Let P(k) be true, ie. let 5$^k$ | $a_ka_{k-1}...a_1$ with $a_i$ $\neq$ 2l for i $\in$ {1,2...k} .

I'll attempt to prove that by adding $ b \cdot 10^k $ with $ b \in {1,3,5,7,9} $ . we can have a number that is divisible by $5^{k+1}$.

So we want 5$^{k+1}$ $|$ $ b \cdot 10^k $ + $a_ka_{k-1}...a_1$ . --> eq.1

Let $a_ka_{k-1}...a_1$ = $5^km $

So from eq. 1, inputting $a_ka_{k-1}...a_1$ = $5^km $ , we will get

5$^{k+1}$ $|$ $ b \cdot 10^k $ + $5^k$m, then dividing throught by $5^k$ , we need

5 $|$ $2^k \cdot b + m$

as $ b \in {1,3,5,7,9} $ , $\equiv$ 0,1,2,3,4 (mod 5)

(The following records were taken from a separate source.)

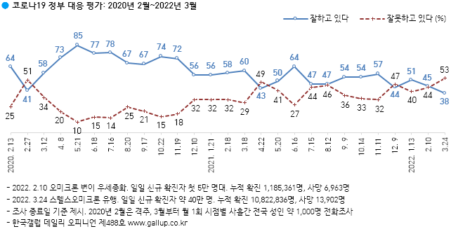 [한국갤럽] 38%만 "정부, 코로나대응 잘해", 역대최저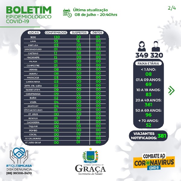 Índice de casos confirmados e suspeitos do COVID 19 por localidade e faixa etária, atualizado em 08 de julho de 2020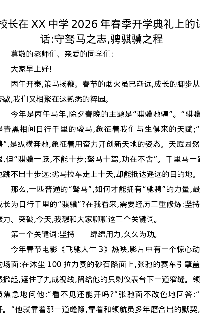 校长在XX中学2026年春季开学典礼上的讲话守驽马之志,骋骐骥之程

So now m $\equiv$ 0,1,2,3,4 (mod 5) , let m $\equiv$ r (mod 5),

We need $2^k \cdot b + r =0 (mod 5)$

now,$2^k \equiv$ 1,2,3,4 (mod 5)

so painstakingly going through each and every case of possible values of $2^k$ and m (mod 5) (there are 16 cases), we prove that we can find a $ b \in {1,3,5,7,9} $ such that 5 $|$ $2^k \cdot b + m$ .

This is the first time i have written so much in latex, so i am sorry if there is any mistake.

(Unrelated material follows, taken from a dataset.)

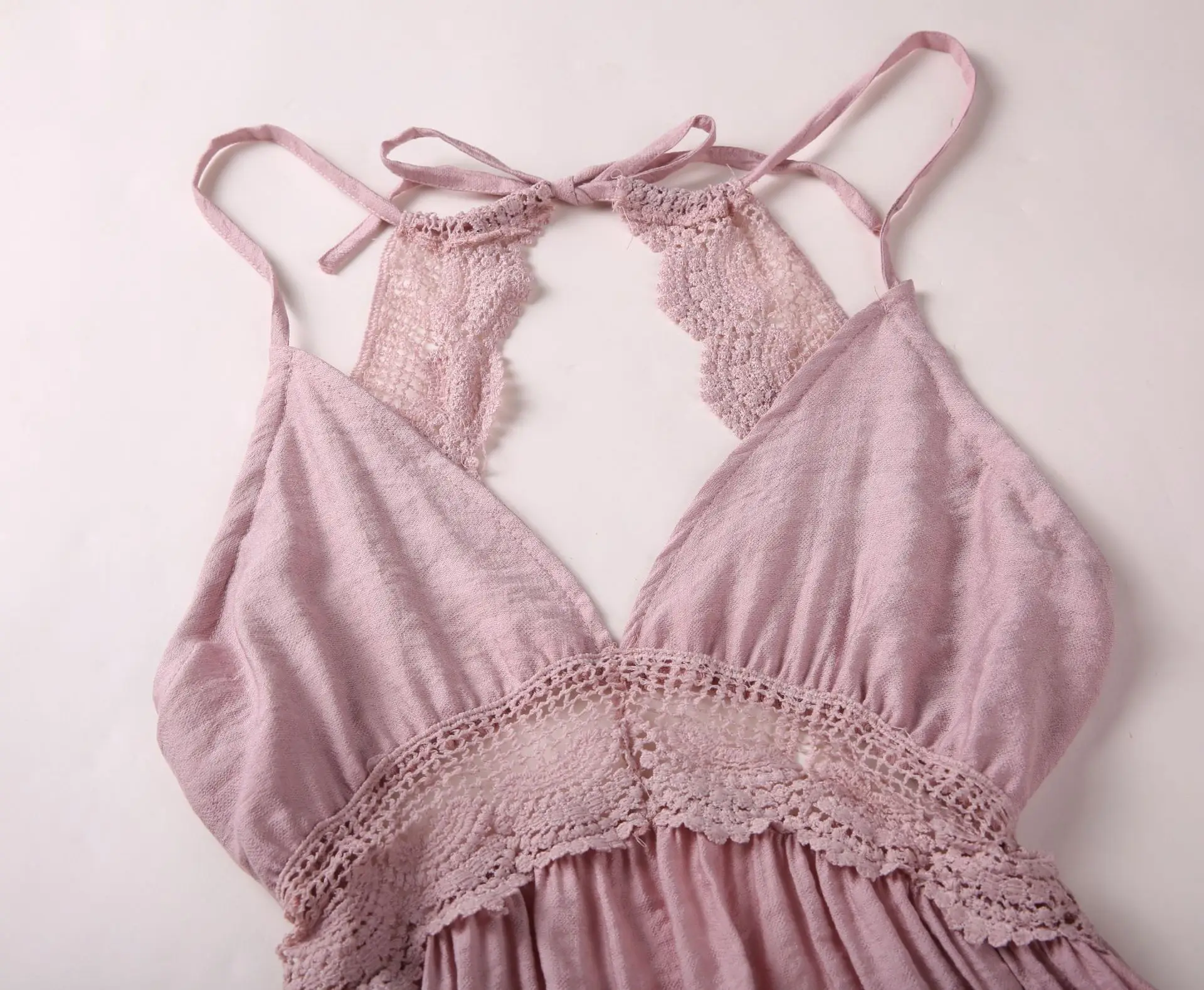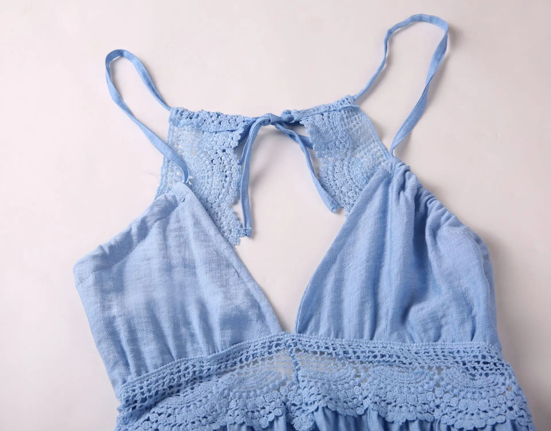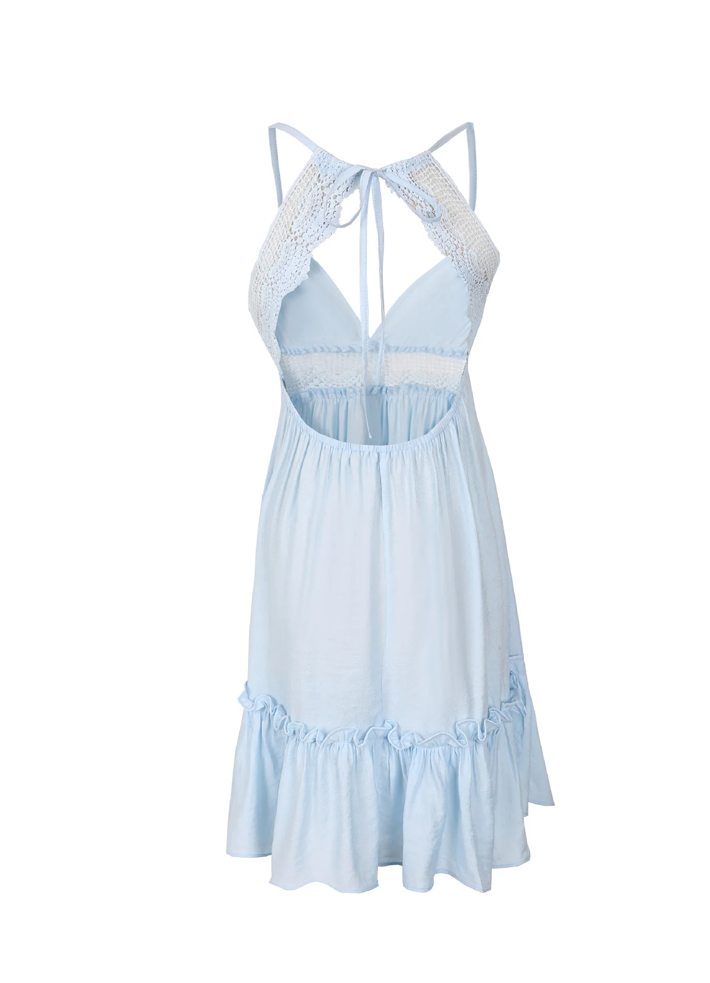 V Neck Sling Solid Color Open Back Large Swing Dress Women Clothing Sexy High Waist Loose Lace A Line Short Skirts Street Casual

If you were a grader, out of 7, how many points would you give me?

Answer 1

I don't think math.se answers can address how they'd mark it, but I can advise on a cleaner way to write answers, because your ideas are right but they could do with algebraic clarity, and clarity regarding modulo arithmetic. (If you find yourself claiming that if we do something we eventually get a particular outcome, try to state this as an existence theorem that's either obvious, well-known or proven within your work.) To wit:

We claim some sequence $a_n$ of $n$-digit numbers in base $10$, all digits odd, satisfies $5^n|a_n,\,10^n|a_{n+1}-a_n$. In particular write $a_n=5^nb_n,\,a_{n+1}=a_n+10^nc_n$, so $b_1=1$ (because $a_1=5$) and$$5^{n+1}b_{n+1}=a_{n+1}=c_n10^n+5^nb_n\iff5b_{n+1}=c_n2^n+b_n,$$so it suffices to choose $c_n\in\{1,\,3,\,5,\,7,\,9\}$ with $5|c_n2^n+b_n$. This choice is possible because these $5$ choices of the $c_n$ each achieve a different residue class modulo $5$ (because $5\nmid k2^n$ for $k\in\{2,\,4,\,6,\,8\}$), and exactly one achieves $5|c_n2^n+b_n$.

Answer 2

There is a $\,x\in\Bbb Z\,$ with $\,5\mid 2^k x - m\!\iff\! \bmod 5\!:\ 2^k x \equiv m\,$ has a root $\,x.\,$ By general theory

$$\begin{align} \color{#c00}c\ x &\equiv \, d\!\!\pmod{\!\color{#0a0}n}\ \ \text{has a root}\ x\!\iff\! \gcd(\color{#c00}c,\,\color{#0a0}n)\mid d\\[.3em] {\rm thus}\ \ \color{#c00}{2^k} x&\equiv m\!\!\!\pmod{\!\color{#0a0}5}\ \ \text{has a root}\ x,\ \, {\rm by}\ \ \gcd(\color{#c00}{2^k},\color{#0a0}5)\!=\!1\end{align}\qquad$$

and we can choose a root $\,x\in \{1, 3, 5, 7, 9\}\,$ since it is a complete residue system $\!\bmod 5;\,$ alternatively: $ $ if $\,0\le x < 5\,$ is even then $\,x':= x\!+\!5\,$ is odd $< 10,\,$ and $\,x'$ remains a root by $\,x'\equiv x\pmod{\!5}$.